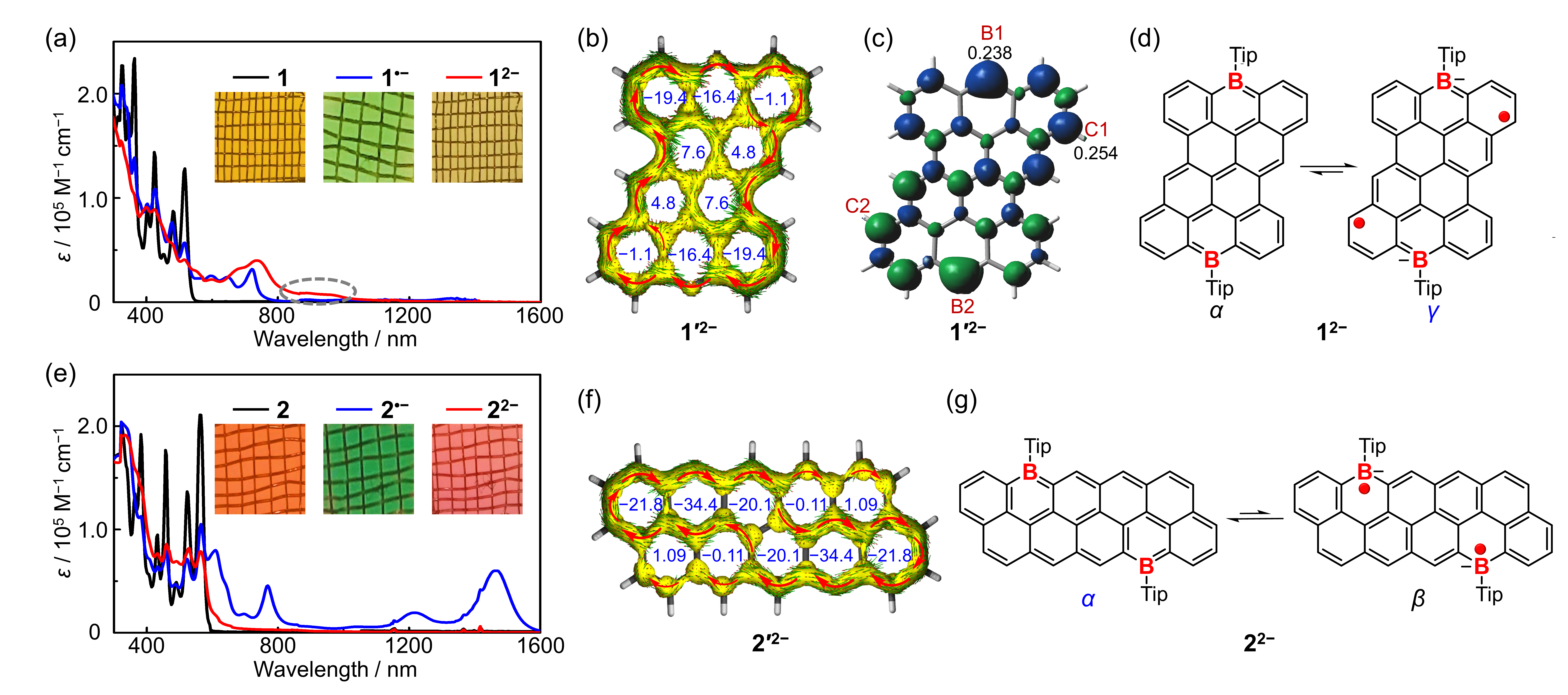 1和2均表现出两个可逆的还原过程,说明可产生稳定的还原态物种。因此,作者对它们实施了电化学还原测试,并使用紫外-可见-近红外吸收光谱原位监测了二价阴离子物种的形成。如图4所示,1和2表现出两个清晰的得电子还原过程,溶液颜色发生了明显改变。1′2‒在800‒1000nm处显示出一个弱的低能吸收带,该特征通常与自由基结构相关,证明其可能具有开壳结构。为深入研究硼原子引入对电子结构的调控作用,以及二价阴离子的芳香性和开壳/闭壳性质,作者对二价阴离子和对应的纯碳等电子体进行了DFT理论计算,结果表明在二价阴离子中,1)硼原子的引入增强了含硼环的芳香性,并扰动了邻近环的芳香性;2)二价阴离子与其全碳等电子体保持了类似的开壳/闭壳特征,但是对于开壳结构的1′2‒,硼原子的引入使其自旋密度重新分布,自由基主要分布在C1和C2位置,γ共振结构对其基态贡献更大。此外,2′2‒保持了闭壳结构,α共振结构在基态中占据主导地位。这些结果表明硼原子对并苯骨架的电子结构、芳香性及自旋特性的重要调控作用。
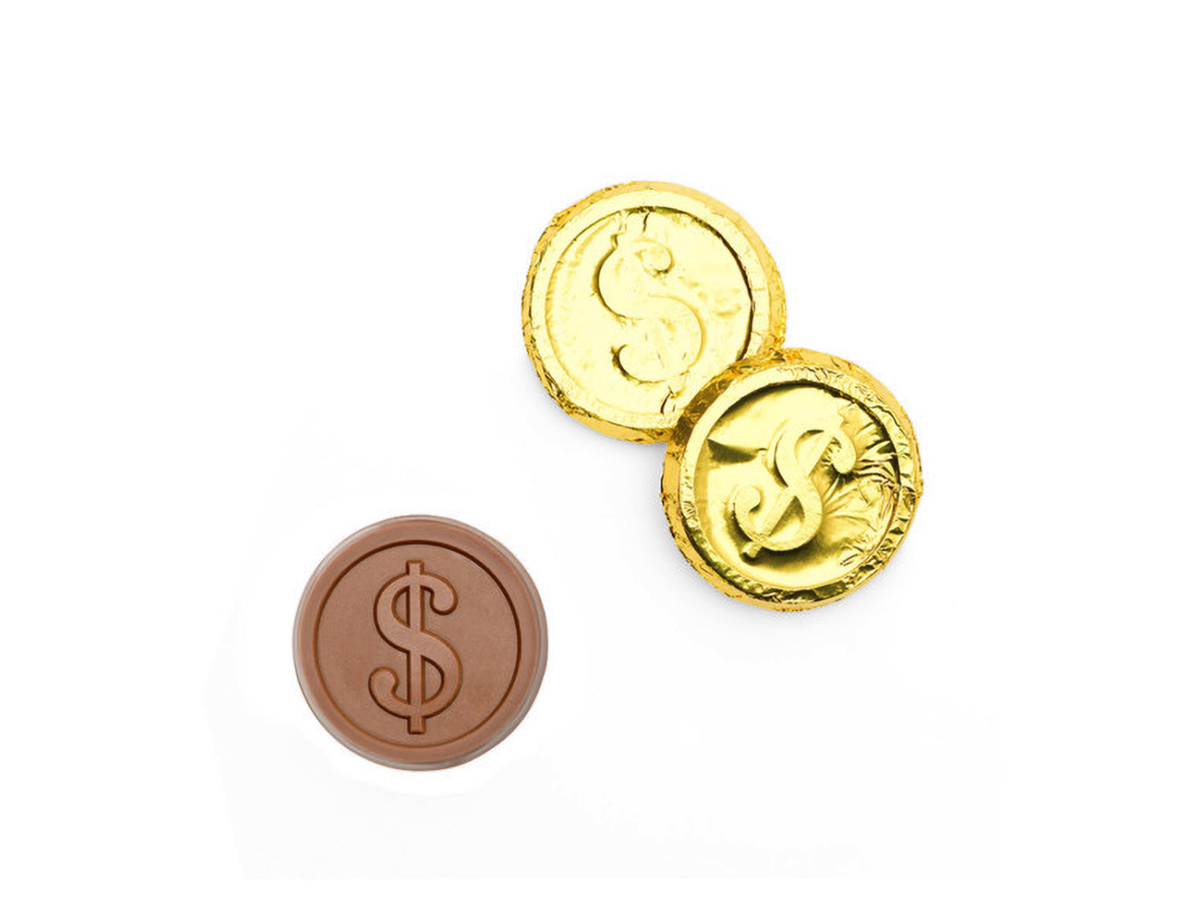 Cash in on chocolate! This golden, dollar-embossed coin offers a rich, satisfying taste that's perfect for incentives, promotions, or themed celebrations.
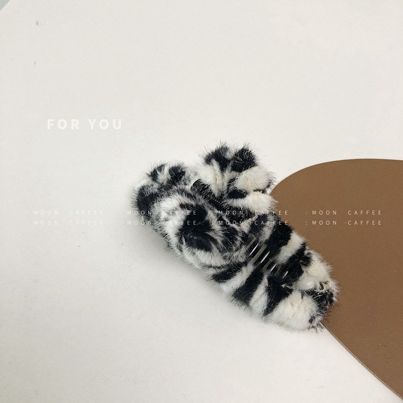 斑马纹毛毛抓夹ins超火的发饰品潮个性百搭发卡发夹秋冬新款

**********

The task:
Starting at the line that contains "Cash in on chocolate!", transcribe every line through the end of the listing exactly, including both end lines and excluding pictures.

Worked solution:
 Cash in on chocolate! This golden, dollar-embossed coin offers a rich, satisfying taste that's perfect for incentives, promotions, or themed celebrations.
 斑马纹毛毛抓夹ins超火的发饰品潮个性百搭发卡发夹秋冬新款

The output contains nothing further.